Large public park located in Tashkent, Uzbekstan

Alisher Navoi National Park (Alisher Navoiy nomli Oʻzbekiston Milliy bogʻi) is a large park located in the Chilanzar (or Chilonzor) district, in the city center of Tashkent, Uzbekistan. It is commonly referred to as Milliy Bog.

==Location==
The park is located in the Chilanzar District of Tashkent. There are three entrances to the park. One is located near Almazar Street and Besh Agach Square through Magic City. A second is near the Milliy Bog (Tashkent Metro) station, which has had the same name since 2005. And the third is via a large arch from the side of Seulskaya Street (formerly known as Baynalmilal Street).

The park is also near the State Museum of History of Uzbekistan, the Oliy Majlis, the Abulkasym Madrassah, the Peoples' Friendship Palace and the Writers' Union of Uzbekistan.

==History==
The park was originally constructed on the site of a clay quarry for a brick factory in the 1930s (1932-1939)
by the Komsomol, or All-Union Leninist Young Communist League using hashar or volunteer labor provided for the good of society.
When the park officially opened in 1939, it was called the I. V. Stalin Park of Culture and Leisure. Following the October 1961 meeting of the Communist Party of the Soviet Union, the name of the park was changed to the Lenin Komsomol Central Park of Culture and Recreation and the lake was known as Komsomolskoye Lake. On September 22, 1991, by the decree of the Tashkent City Executive Committee, the Central Park of Recreation and Culture Beshagach (the former Lenin Komsomol Park) was expanded, and its name was changed to the Alisher Navoi National Park of Uzbekistan in honor of the 550th anniversary of Alisher Navoi.

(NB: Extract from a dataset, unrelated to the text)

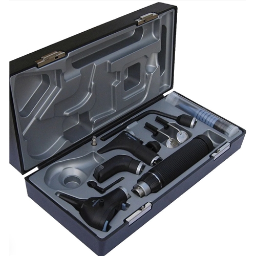 - ri-scope® F.O. otoscope (level 3, prestige), F.O. nasal speculum, F.O. tongue blade holder and F.O. bent-arm illuminator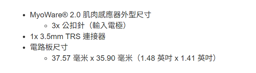 【產品特色】MyoWare® 2.0 肌肉感測器設計為可穿戴式,可讓您直接將生物醫學感測器墊連接到電路板本身。然而,在某些情況下,您仍有一些情況下你可能希望將感測器墊安裝在遠離感測器板的地方;這就是 MyoWare 2.0 Cable Shield 的用武之地。這個擴充板包含一個 3.5mm TRS 插孔,您可以將傳統的三電極感應器纜線連接到此插孔,這樣您就可以測試和使用肌肉感應器,不必將感測器板直接黏貼在身體上的情況下進行測試和使用。MyoWare 2.0 Cable Shield 板上還配備了卡扣式連接器,讓您可以輕鬆疊加使用。與 MyoWare 2.0 生態系統中的其他盾牌不同,此擴充板可卡在 MyoWare 2.0 肌肉感應器的底面。此擴充板適用於安裝在機殼內的非穿戴式專案,或針對太小或位置不適合使用板上電極插座的肌肉。

In September 2017 the Cabinet of Ministers of Uzbekistan adopted Resolution No. 694 entitled, "On measures to create a modern and high-tech cultural and recreational park in the city of Tashkent." Following the issuing of this resolution, the park was closed, several buildings were demolished and some trees were removed.

In August 2022, the park reopened. The former Komsomolskoye Lake had been drained and restored, albeit slightly smaller, about 40 thousand square meters. A special coating was put at the bottom to prevent drainage and to prevent the bottom from becoming muddy. Also, a beach for swimming was created in the same location where a beach had been previously. More than a thousand trees and about two hundred thousand shrubs were planted.

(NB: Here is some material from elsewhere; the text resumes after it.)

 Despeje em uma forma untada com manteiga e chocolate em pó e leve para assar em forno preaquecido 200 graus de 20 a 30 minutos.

The memorial to Alisher Navoi was restored. Under a tall, open gazebo with blue ribbed dome supported by 8 columns stands an imposing statue of Alisher Navoi, the Timurid Empire era poet for whom the park is named. The Alley of Writers, which was created by presidential decree in 2017 starts here and has monuments and information about more than 20 different Uzbek writers, poets and scholars. Other features of the park include a trackless train, bouncy castles, playgrounds, bicycle paths and paddle boat, canoe and swan boat rentals.